Law School Case Brief
Graham v. Florida - 560 U.S. 48, 130 S. Ct. 2011 (2010)
The U.S. Constitution prohibits the imposition of a life-without-parole sentence on a juvenile offender who did not commit homicide. A State need not guarantee the offender eventual release, but if it imposes a sentence of life it must provide him or her with some realistic opportunity to obtain release before the end of that term.
Petitioner Graham was 16 when he committed armed burglary and another crime. Under a plea agreement, the Florida trial court sentenced Graham to probation and withheld adjudication of guilt. Subsequently, the trial court found that Graham had violated the terms of his probation by committing additional crimes. The trial court adjudicated Graham guilty of the earlier charges, revoked his probation, and sentenced him to life in prison for the burglary. Because Florida has abolished its parole system, the life sentence left Graham no possibility of release except executive clemency. He challenged his sentence under the Eighth Amendment's Cruel and Unusual Punishments Clause, but the State First District Court of Appeal affirmed.
Did the Eighth Amendment's Cruel and Unusual Punishments Clause prohibit the imposition of a life-without-parole sentence on Graham?

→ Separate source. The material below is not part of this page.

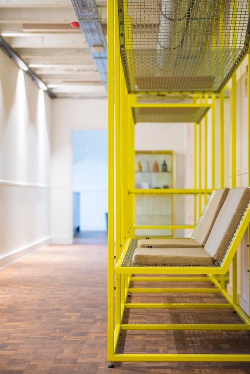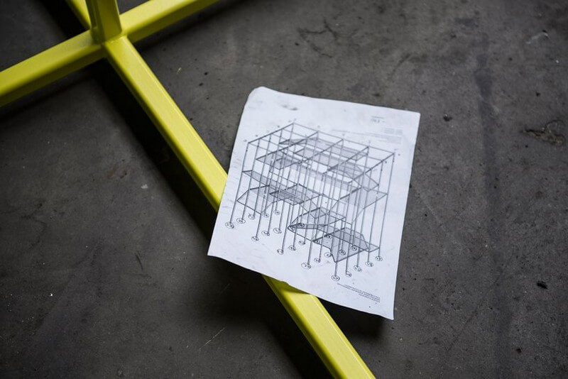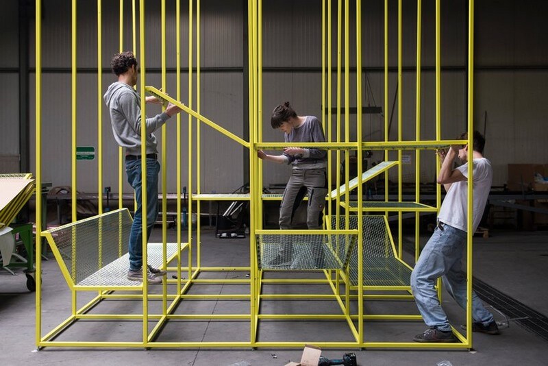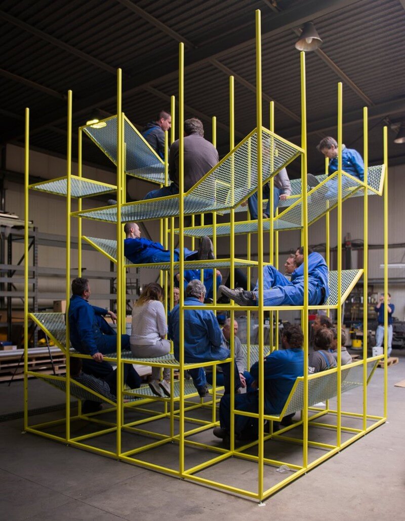 Its aim is it to elevate meetings and social interactions into a vertical office by encouraging users to interact with the structure and with one another. they can climb it, relax and meet in the elevated work-lounge space made from lacquered steel.

The U.S. Supreme Court held that U.S. Const. amend. VIII prohibited the imposition of a life-without-parole sentence on Graham who committed a nonhomicide crime and, while Graham need not be guaranteed eventual release from the life sentence, he must have some realistic opportunity to obtain release before the end of the life term. The practice of sentencing a juvenile who did not commit a homicide offense to life without parole was exceedingly rare and a national community consensus developed against it, and none of the recognized goals of penal sanctions, i.e., retribution, deterrence, incapacitation, and rehabilitation, provided an adequate justification for the sentence. Further, it could not be conclusively determined at the time of sentencing that Graham would be a danger to society for the rest of his life, and a sentence of life without parole improperly denied the juvenile offender a chance to demonstrate growth, maturity, and rehabilitation.